Sakura Kokumai (born October 2, 1992) is an American karateka. She won the gold medal in the women's individual kata event at the 2019 Pan American Games held in Lima, Peru. She represented the United States in the women's kata event at the 2020 Summer Olympics in Tokyo, Japan.

Career 

In 2012, she won a bronze medal in the individual kata event at the World Karate Championships held in Paris, France. The following year, she won the bronze medal in the women's kata event at the 2013 World Combat Games held in Saint Petersburg, Russia. In 2014, she won the gold medal in the women's kata event at the Pan American Sports Festival held in Tlaxcala, Mexico. She won the silver medal in her event at the 2016 World University Karate Championships held in Braga, Portugal.

At the 2017 World Games held in Wrocław, Poland, she lost her bronze medal match against Sandy Scordo of France in the women's kata event. In 2018, she competed in the women's individual kata event at the World Karate Championships held in Madrid, Spain where she was eliminated in her third match by Viviana Bottaro of Italy. In 2019, she competed in the women's individual kata event at the World Beach Games held in Doha, Qatar without winning a medal. She finished in 5th place.

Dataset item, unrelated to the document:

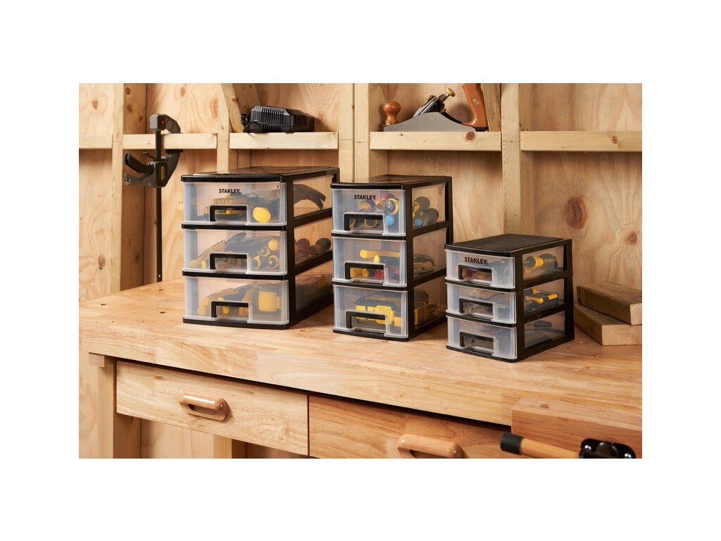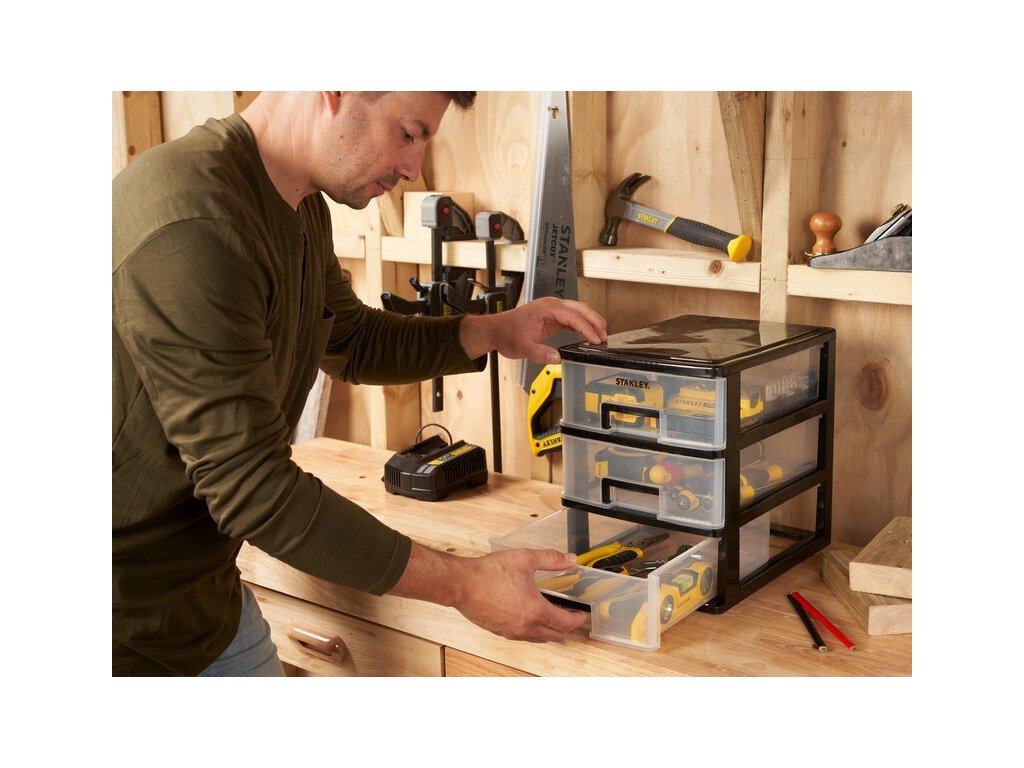 Průhledné zásuvky, poskytují jasnou viditelnost obsahu. Vyjímatelné zásuvky se zarážkami pro snadný přístup k obsahu. Lehká a kompaktní polypropylenová konstrukce, ideální pro použití v dílnách a garážích. Rozměry: Délka:34 cm Výška:32 cm Šířka: 24,5 cm Celková hmotnost: 1,5 kgDoplňkové parametry

In April 2021, during a training session, she was subjected to anti-Asian harassment, of which she captured the incident via Instagram.

At the 2020 Summer Olympics in Tokyo, Japan, she competed in the women's kata where she lost her bronze medal match against Viviana Bottaro of Italy. A few months after the Olympics, she also lost her bronze medal match against Bottaro in the women's individual kata event at the 2021 World Karate Championships held in Dubai, United Arab Emirates.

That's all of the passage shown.